Every record here must be copied exactly, except for the images it holds.

╭─ Material shown

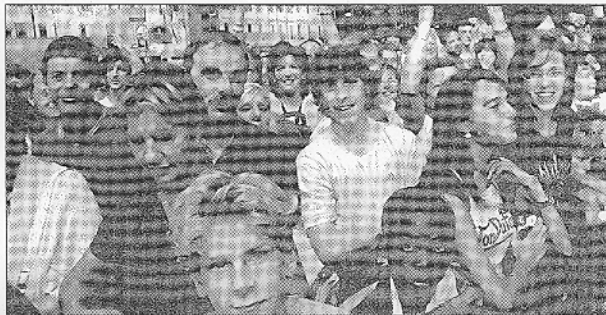
Il pubblico presente in piazzale Burchiellati. Sopra Paola e Chiara durante il concerto
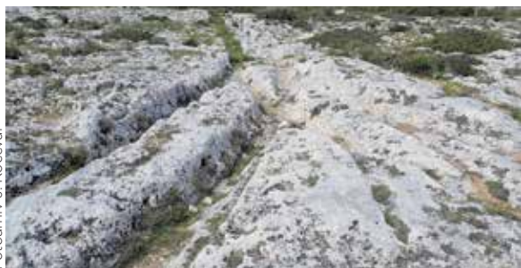
Okamenjene kolesnice vozil na Malti so stare vsaj deset milijonov let!

Na obstoj visoko razvite kulture homo sapiensa sapiensa kažejo tudi okamenjeni odtisi kolesnic očitno tehnološko zelo naprednih vozil na skrivnostni Malti. Tam je videti brezštevilne vsaj de-
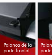
Palanca de la parte frontal
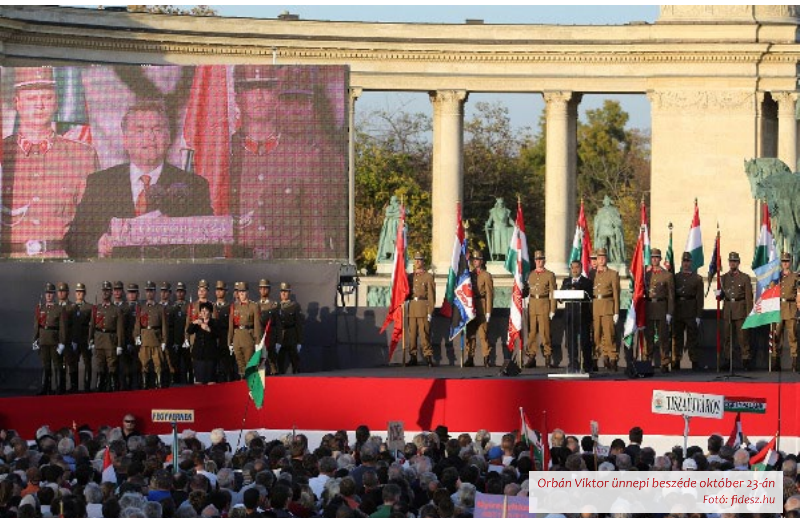
Orbán Viktor ünnepi beszéde október 23-án

A Fidesz elkötelezett amellett, hogy megvédje Magyarország gazdasági függetlenségét, a magyar családok biztonságát, ezért a leghatározottabban visszautasítja az EU nyomás gyakorlását. Az Országgyűlés politikai nyilatkozatot fogadott el a rezsicsökkentés védelméről, és ha szükséges, további lépéseket is tesz ennek érdekében. A 2014-es költségvetés-tervezet védi a rezsicsökkentést és számol vele, de már készül az a nonprofit közmujszolgáltatóról szóló törvény is, amely megtiltja, hogy a szolgáltatók extraprofitot számítsanak fel szolgáltatásaikért a családok kárára. Szóba jöhet még a rezsicsökkentés védelmének Alaptörvénybe foglalása is.

╰─

Solution:
Il pubblico presente in piazzale Burchiellati. Sopra Paola e Chiara durante il concerto
Okamenjene kolesnice vozil na Malti so stare vsaj deset milijonov let!

Na obstoj visoko razvite kulture homo sapiensa sapiensa kažejo tudi okamenjeni odtisi kolesnic očitno tehnološko zelo naprednih vozil na skrivnostni Malti. Tam je videti brezštevilne vsaj de-
Palanca de la parte frontal
Orbán Viktor ünnepi beszéde október 23-án

A Fidesz elkötelezett amellett, hogy megvédje Magyarország gazdasági függetlenségét, a magyar családok biztonságát, ezért a leghatározottabban visszautasítja az EU nyomás gyakorlását. Az Országgyűlés politikai nyilatkozatot fogadott el a rezsicsökkentés védelméről, és ha szükséges, további lépéseket is tesz ennek érdekében. A 2014-es költségvetés-tervezet védi a rezsicsökkentést és számol vele, de már készül az a nonprofit közmujszolgáltatóról szóló törvény is, amely megtiltja, hogy a szolgáltatók extraprofitot számítsanak fel szolgáltatásaikért a családok kárára. Szóba jöhet még a rezsicsökkentés védelmének Alaptörvénybe foglalása is.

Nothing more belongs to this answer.